Data to use.
────────────────

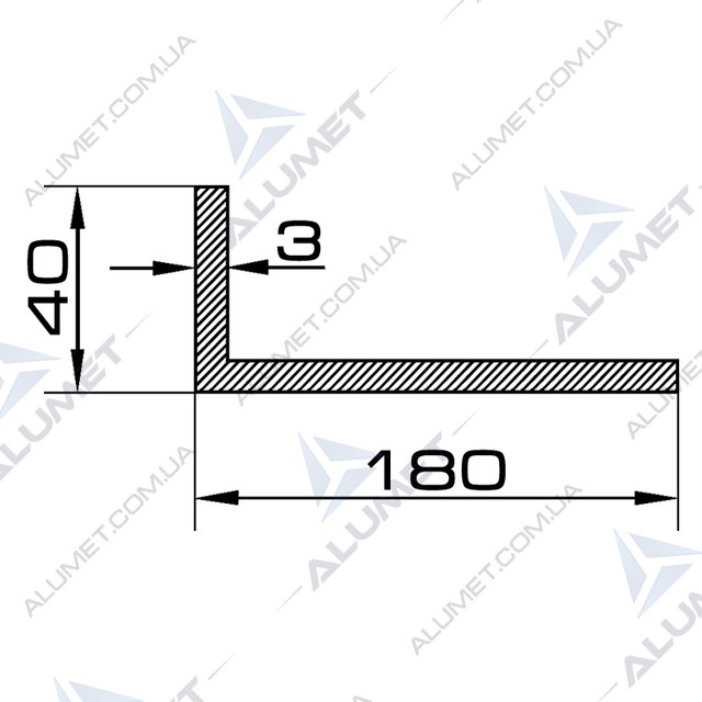Кутник алюмінієвий 180х40х3 мм без покриття
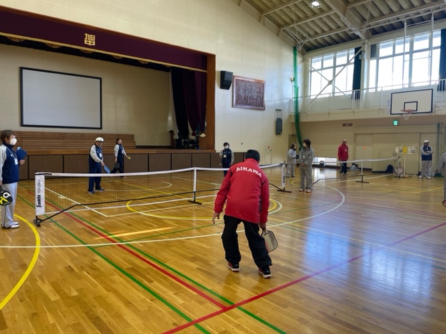 研修内容は、ラジオ体操から始まり、ピックルボールとモルックの2種目を行いました。
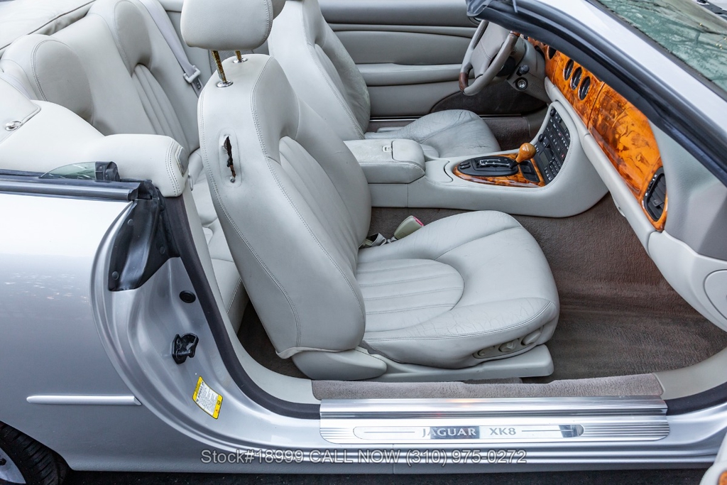 Presenting this 2002 Jaguar XK8 Convertible featured with 69,030 miles on the odometer. Finished in its factory color scheme of Platinum Metallic (MDZ) gracefully complemented with an Oatmeal (AGD) interior and accented by Burlwood veneers.
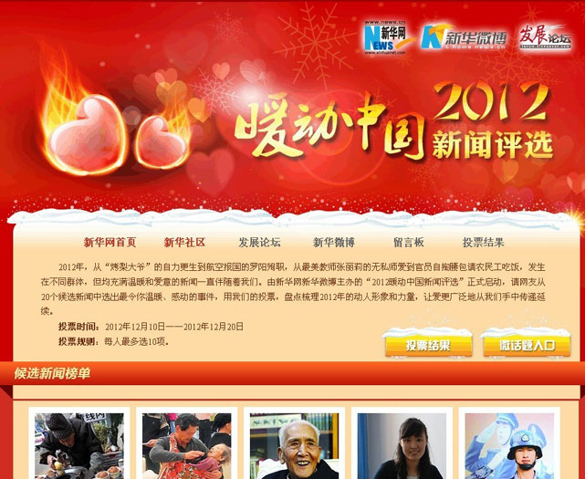 2012年,哪些新聞的出現(xiàn)讓你倍感溫暖?哪些新聞的“主角兒”讓你感動?由新華網(wǎng)新華微博主辦的“2012暖動中國新聞評選”已正式啟動,活動將根據(jù)網(wǎng)友投票從20個候選新聞中票選10個最令人“暖心”的事件。
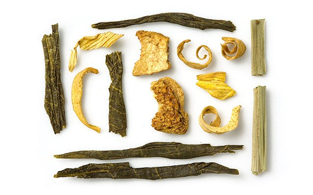 Zielona herbata Sencha łącząca chłodne, cytrusowe aromaty kwiatu pomarańczy, trawy cytrynowej i skórki pomarańczowej z pikantnym imbirem i świeżością piżmowego mirtu górskiego, eukaliptusa i rozmarynu.
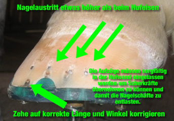 Die patentierten, verstellbaren Aufzüge („Clips“) übertragen Scherkräfte von außen an die Hufwand und entlasten damit die Nagelschäfte.
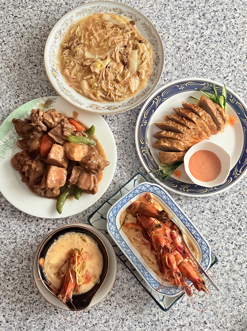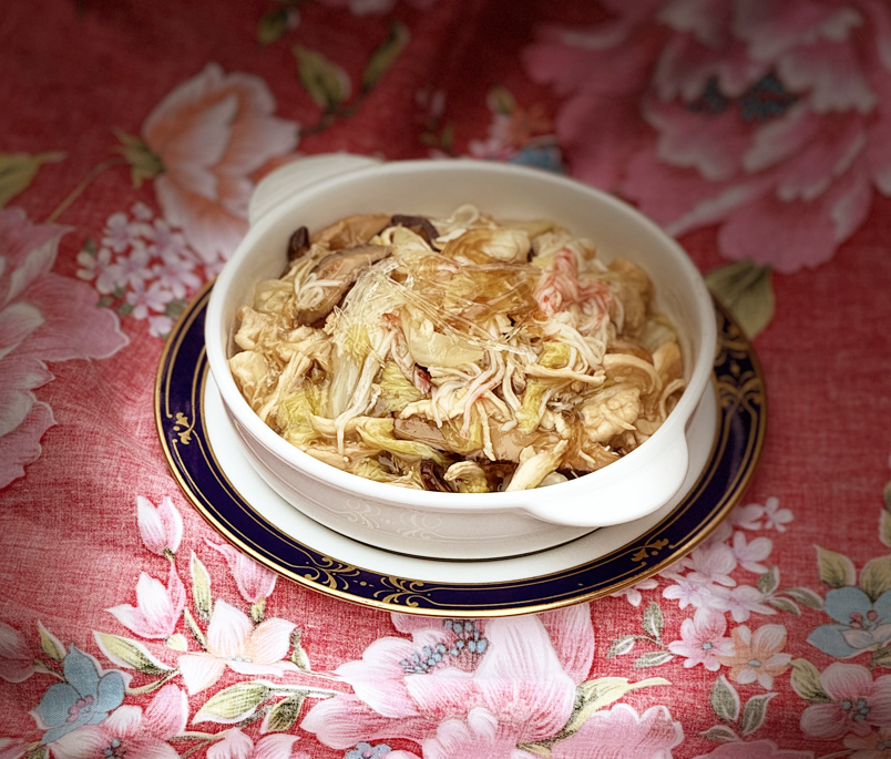 弱火でじっくり煮含める「煨」という調理法で、白菜がとろりとするまで煮込みます。鶏や貝柱、干し椎茸の旨味が溶け合い、寒い季節に心身を温めてくれる一皿。台湾の田舎では正月料理として親しまています。

────────────────

What is being asked. Repeat, word for word and with no pictures, only the lines running from the beginning of the data to the line that contains "Presenting this 2002".

Solution for this exercise.
Кутник алюмінієвий 180х40х3 мм без покриття
 研修内容は、ラジオ体操から始まり、ピックルボールとモルックの2種目を行いました。
 Presenting this 2002 Jaguar XK8 Convertible featured with 69,030 miles on the odometer. Finished in its factory color scheme of Platinum Metallic (MDZ) gracefully complemented with an Oatmeal (AGD) interior and accented by Burlwood veneers.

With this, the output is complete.